Time-Controlled Resonances in 2-D Metasurfaces via Equivalent Circuits

TL;DR

This paper presents a semi-analytical framework for analyzing 2D time-modulated metasurfaces using equivalent circuits, enabling insights into dynamic tuning and spatiotemporal phenomena.

Contribution

It introduces a novel frequency-domain model that links metasurface scattering to equivalent circuits, facilitating design of reconfigurable electromagnetic devices.

Findings

Model captures frequency mixing and spatiotemporal scattering effects.

Dynamic tuning enables multi-band and wideband resonance control.

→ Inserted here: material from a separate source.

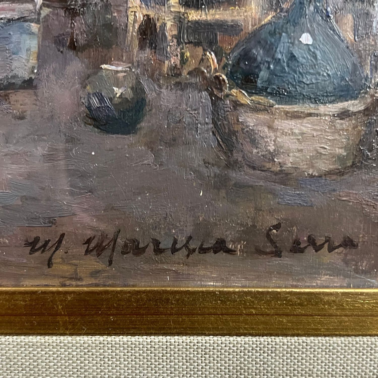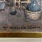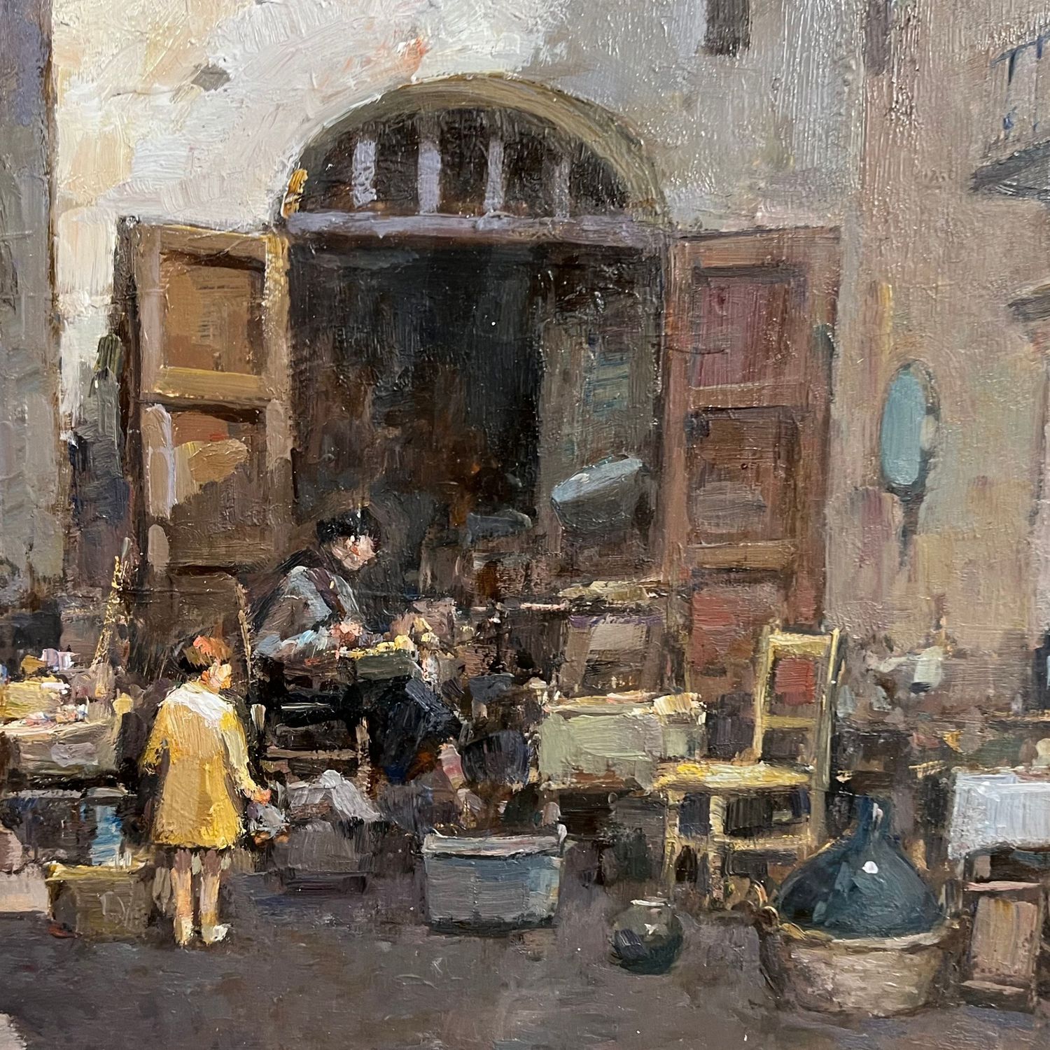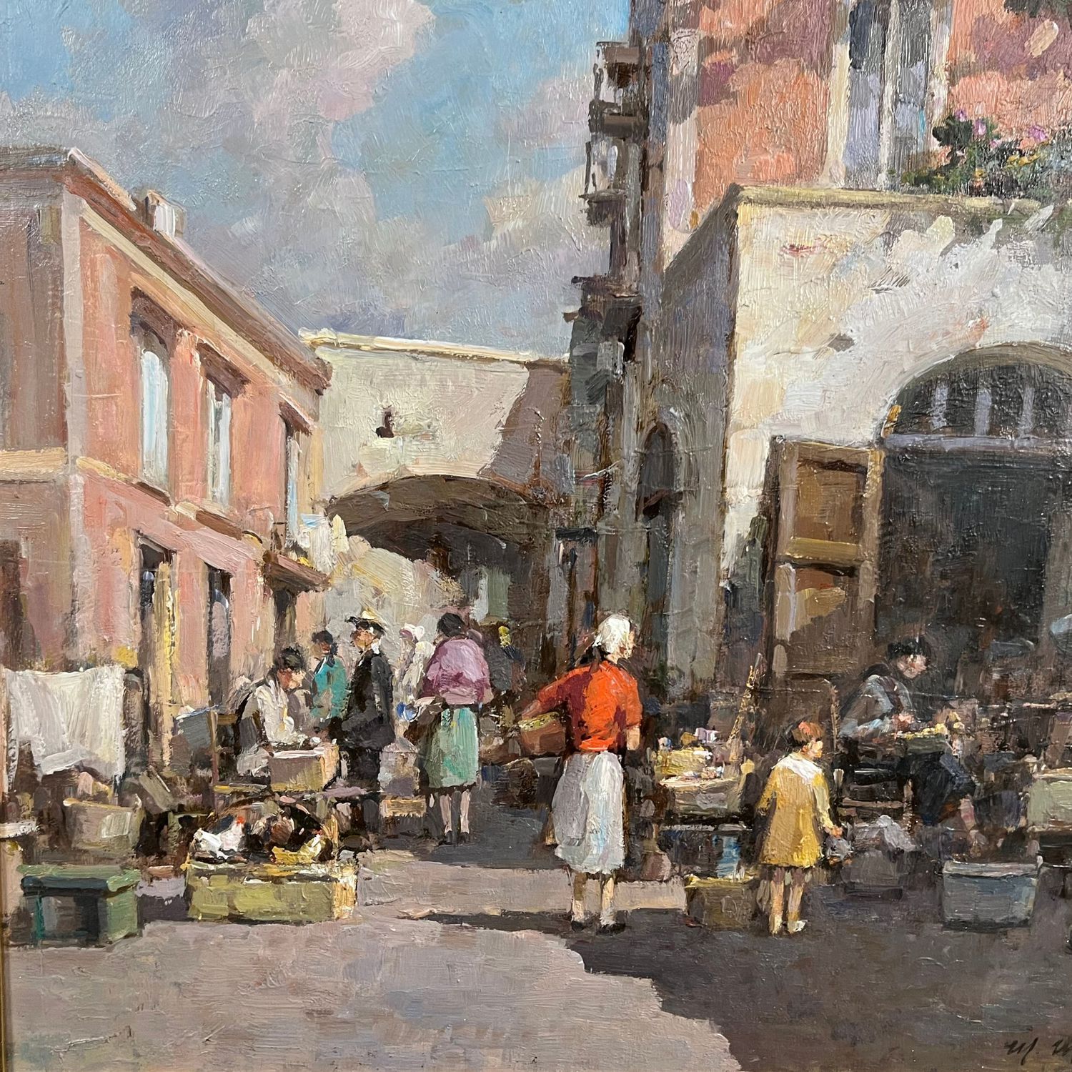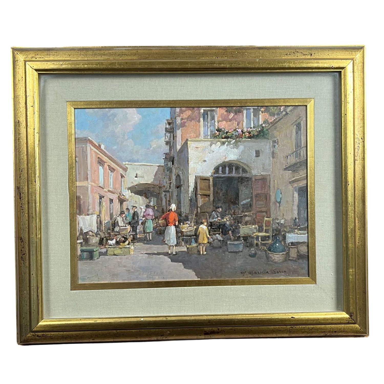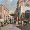 Dipinto olio su tavola, periodo XX secolo, raffigurante Scena di Mercatino.

Framework provides physical insight into time-modulated metasurface behavior.

Abstract

This work introduces a semi-analytical frequency-domain framework for the analysis of two-dimensional, time-modulated (2+1)-D metasurfaces controlled by PIN diodes. The formulation focuses on the unit-cell level, modeled as a waveguide discontinuity problem, where the space-time periodicity of the structure enables the representation of scattered fields via Floquet expansions. After appropriate mathematical treatment, these expansions lead to an equivalent circuit description of the metasurface, providing physical insight into its spatiotemporal scattering behavior and facilitating the design of reconfigurable electromagnetic devices. The model is employed to explore key phenomena present in space-time systems, such as frequency mixing and spatiotemporal scattering. In addition, dynamic tuning is explored in resonant metasurfaces, where time becomes an additional degree of freedom for the design. The dynamic control of resonances opens a new way to explore multi-band and wideband behaviors from very thin metasurfaces under temporal coupling.